Les DSI perspicaces comprennent qu'en ayant recours aux logiciels open source, ils peuvent débloquer des ressources pour créer de la valeur ajoutée. Ils considèrent les logiciels libres comme une opportunité de croissance et y en tirent parti pour:

  • Réaliser des économies significatives, en utilisant des logiciels open source partout où cela est possible

  • Accélérer l'innovation, grâce aux budgets dégagés pour créer de la valeur ajoutée, se différenciant ainsi par les prestations proposées, au-delà de l'infrastructure

  • Rendre leur organisation plus flexible et plus agile, grâce à une infrastructure plus simple à utiliser, à maintenir et à faire évoluer

Au départ, beaucoup (trop) de managers ont tendance à négliger les technologies « disruptive », comme le téléphone il y a un siècle, ou plus récemment la photo numérique, le PC ou les logiciels open source, ne décelant pas leur potentiel. Mais au final, pendant que certaines entreprises s'appuient sur ces technologies pour générer une nouvelle croissance, celles qui n'en font rien perdent leur compétitivité dans le meilleur des cas. Les exemples ci-dessous parlent d'eux-mêmes :

“On ne voit pas pour quelle raison qui que ce soit voudrait avoir un ordinateur à la maison.”
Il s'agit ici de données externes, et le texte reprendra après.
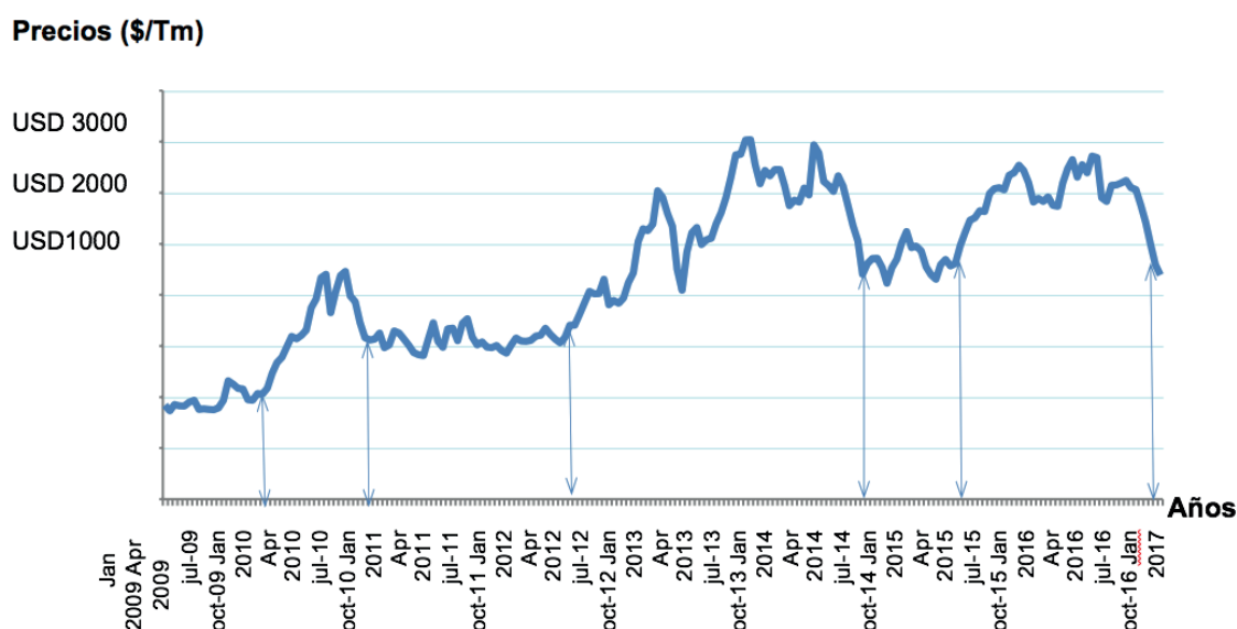
Figura 2. Precio promedio internacional CIF al contado del cacao en grano (Puertos de EE.UU.: y Europa) 2009-2017

Internacionalmente los precios del cacao en el mercado mundial están sujetos a fluctuaciones. Ghana, es el país, donde se determina el precio mínimo del cacao del mercado actual. El cacao de Ghana con certificación de Max Havelaar (la primera iniciativa de organismo de certificación de comercio justo en 1988) ha impuesto una bonificación, que se agrega al precio mínimo (CECU, 2007).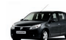
Nero Nacré 676*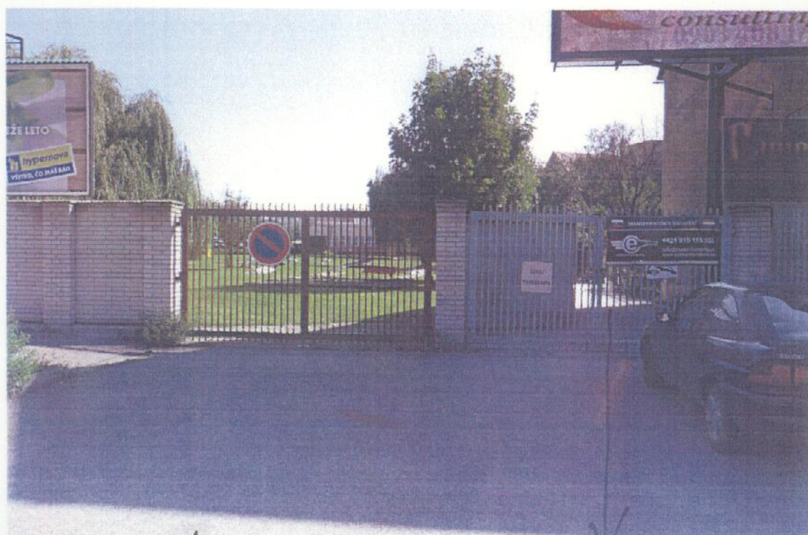
prístupová komunikácia - pr. č. 2014/6 k rozvodu Bratislavského ulice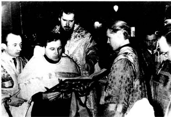
Пострижение во чтеца перед диаконской хиротонией

Овчинников пишет ректору МДАиС протоиерею К.Ружицкому: «В заявлении на имя тов. Н.С.Хрущева Романенко писал: "Хочу прямо сказать, что в попы в наше время я не собираюсь"».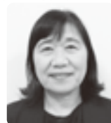
日本労働組合総連合会 宮崎県連合会(連合宮崎) 会長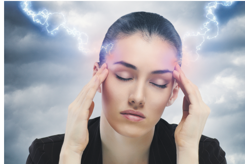
От метеозависимости сегодня страдает много людей

Атмосферное давление. Вся система кровообращения нашего организма связана с атмосферным давлением, перепады которого, в первую очередь, влияют на сердечно-сосудистую систему. При повышении барометрического давления артериальное давление падает, а часто-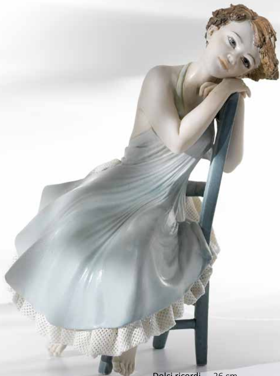
Dolci ricordi - 26 cm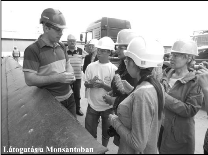
Látogatás a Monsantoban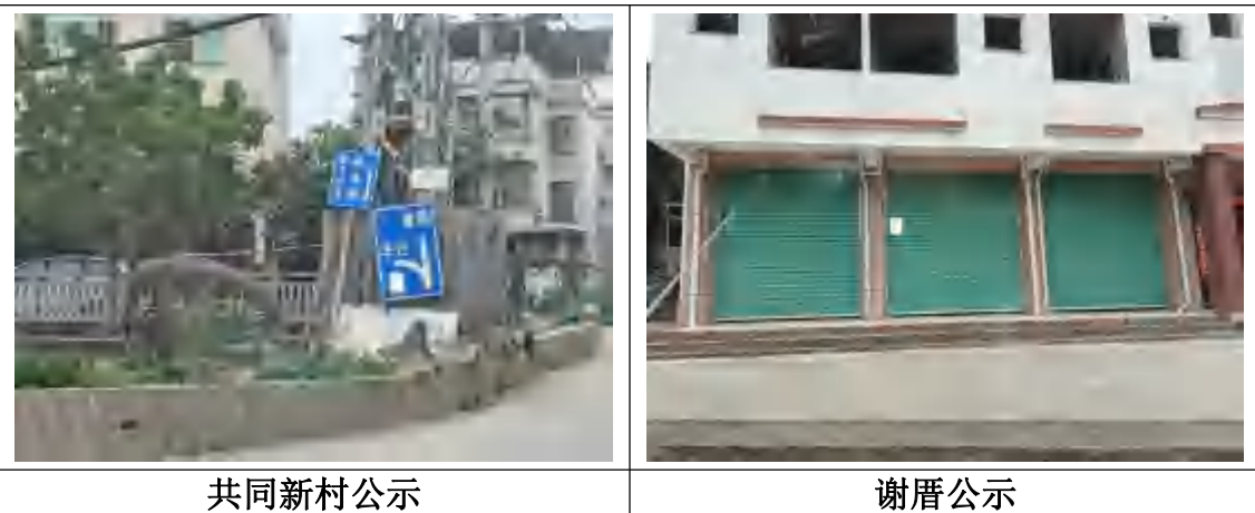
图 2-2 首次公示现场照片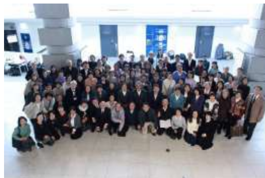
本番後の講師、合唱団の交流会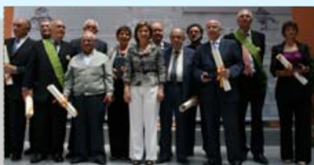
Acto de entrega Placa Mérito Agrario a la REDR

8 junio Reunión con el Jefe de Gabinete de Presidencia Confederación Hidrográfica del Duero (CHD) Valladolid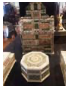
Резьба из Кости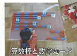
算数棒と数字カード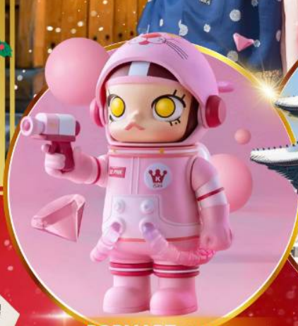
POP MART ฮงแด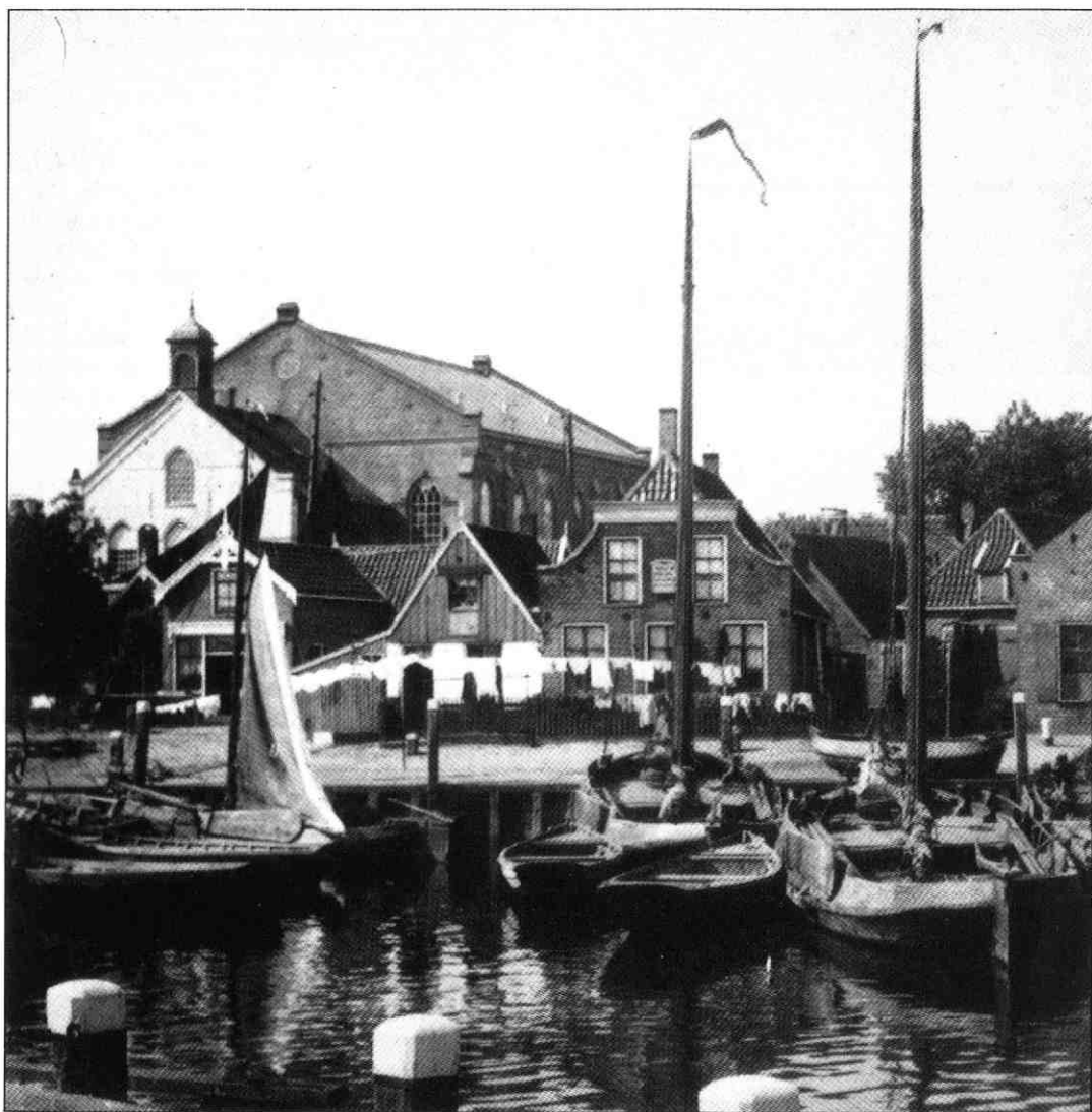
De Bethelkerk te Urk, gezien vanaf de haven.

dat kennelijk invloed, want in oktober 1909 overweegt de kerkeraad van de gereformeerde gemeente of het toch niet wenselijk is ook zo'n instrument aan te schaffen. Een paar maanden later besluit men de gemeente te laten beslissen, en dat gebeurt op 28 maart 1910 ten gunste van een orgel. Een benoemde commissie gaat aan de slag en komt in contact met een leverancier van gebruikte pijporgels. De firma Mart Vermeulen te Woerden had wel wat voor Urk en er wordt snel beslist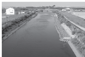
▲令和版100選「貞山運河」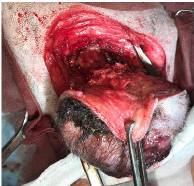
Figura 7 – Massa aderida em vértebra caudal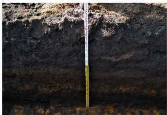
1. 1トレ土層2 (東から)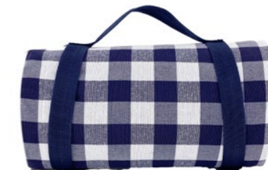
Nappe grands carreaux bleus Blue checkered tablecloth

- NP1 : 140 x 140 cm - NP11-XL : 140 x 280 cm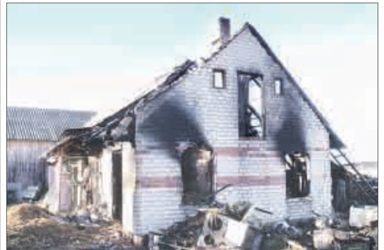
Pergaisrą išdegė patalpos vidus, nudegė dalis stogo.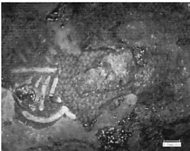
図2. 観察箇所 布1の拡大画像

（なお、布に耳は確認されず経緯糸の区別ができなかったため、便宜的に糸の本数の多い太い糸を経糸とした。）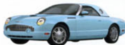
Bleu ciel du désert (Disponibilité limitée)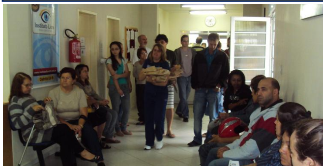
Pacientes esperando atendimento.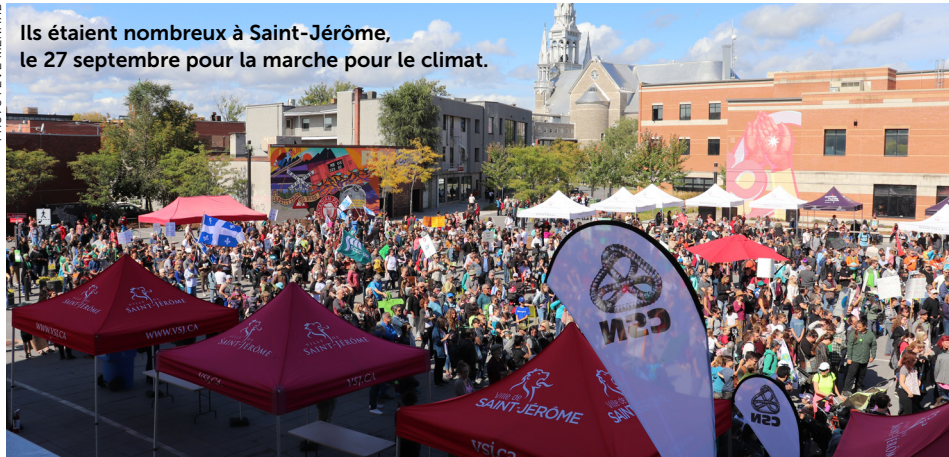
Ils étaient nombreux à Saint-Jérôme, le 27 septembre pour la marche pour le climat.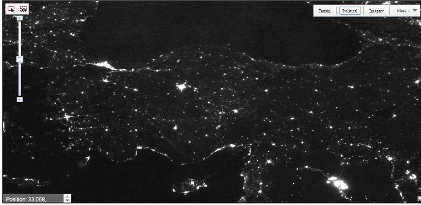
Şekil 1. Türkiye’nin 1999 yılı görsel parlaklık fotoğrafı (NOAA, 2018).

aydınlatmalarda kullanılan ışığın bir bölümünün uzaya gittiğini ve önemli bir bölümünün de atmosfere yayıldığını göstermektedir (Sullivan, 1991; Aslan, 1998; Cinzano vd., 2001; Aslan vd., 2011; NOAA, 2018). Şekil 1 ve Şekil 2’de, sırasıyla, Türkiye’nin 1999 ve 2010 yıllarında uzaydan çekilmiş iki fotoğrafı verilmiştir. Bu fotoğraflar artan ışık kirliliğini açıkça göstermektedir (NOAA, 2018).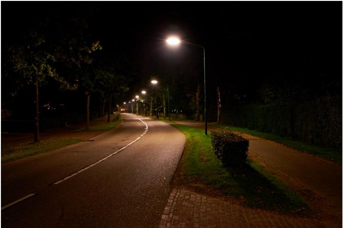
Aarle-Rixtel Helmondseweg, gebiedsontsluitingsweg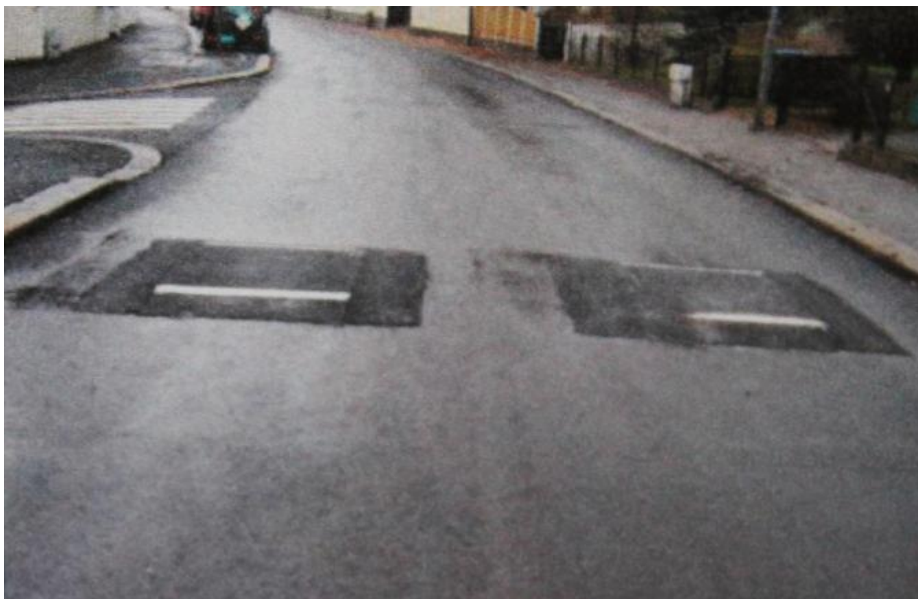
Fartsputar like etter dei var innført men før snøen kom

Under trafikkøtet i skulen onsdag var det mykje snakk om fartsputar og nokon av dei frammøtte gjekk inn for slike som fartsreducerande tiltak. Men mange visste ikkje kva det eigentleg er. Difor skal vi her gjera ein stutt visitt i Lillehammer, som har satsa på dette og har gode erfaringar. Grunnen til at det vart innført der var at fartsnivået i enkelte gater var altfor høgt, og målsettinga var å få det ned til 30 kilometer, som er vegvesenets kriterium for byar og tettbygde område.. Eit tiltak som inngjekk i prosjektet var å innsnevra gateprofilane både i samband med kryss og mellom desse. I samband med innsnevringane vart det også planta tre for å mildna det 'harde' inntrykket.

—Ken Olson, président et fondateur de Digital Equipment Corp., 1977

“Ce 'téléphone' comporte trop de lacunes pour que nous le considérions sérieusement comme un moyen de communication. Cet équipement n'a intrinsèquement aucune valeur pour nous.”

—Note interne de Western Union, 1876.

La disruption fait rage dans l'industrie du logiciel. Selon IDC, les serveurs Linux représentent déjà 12,7% du marché total des serveurs. Quant à MySQL, sa part de marché parmi les développeurs a bondi à 40%, ce qui traduit un gain de 25% sur deux ans selon Evans Data Corporation.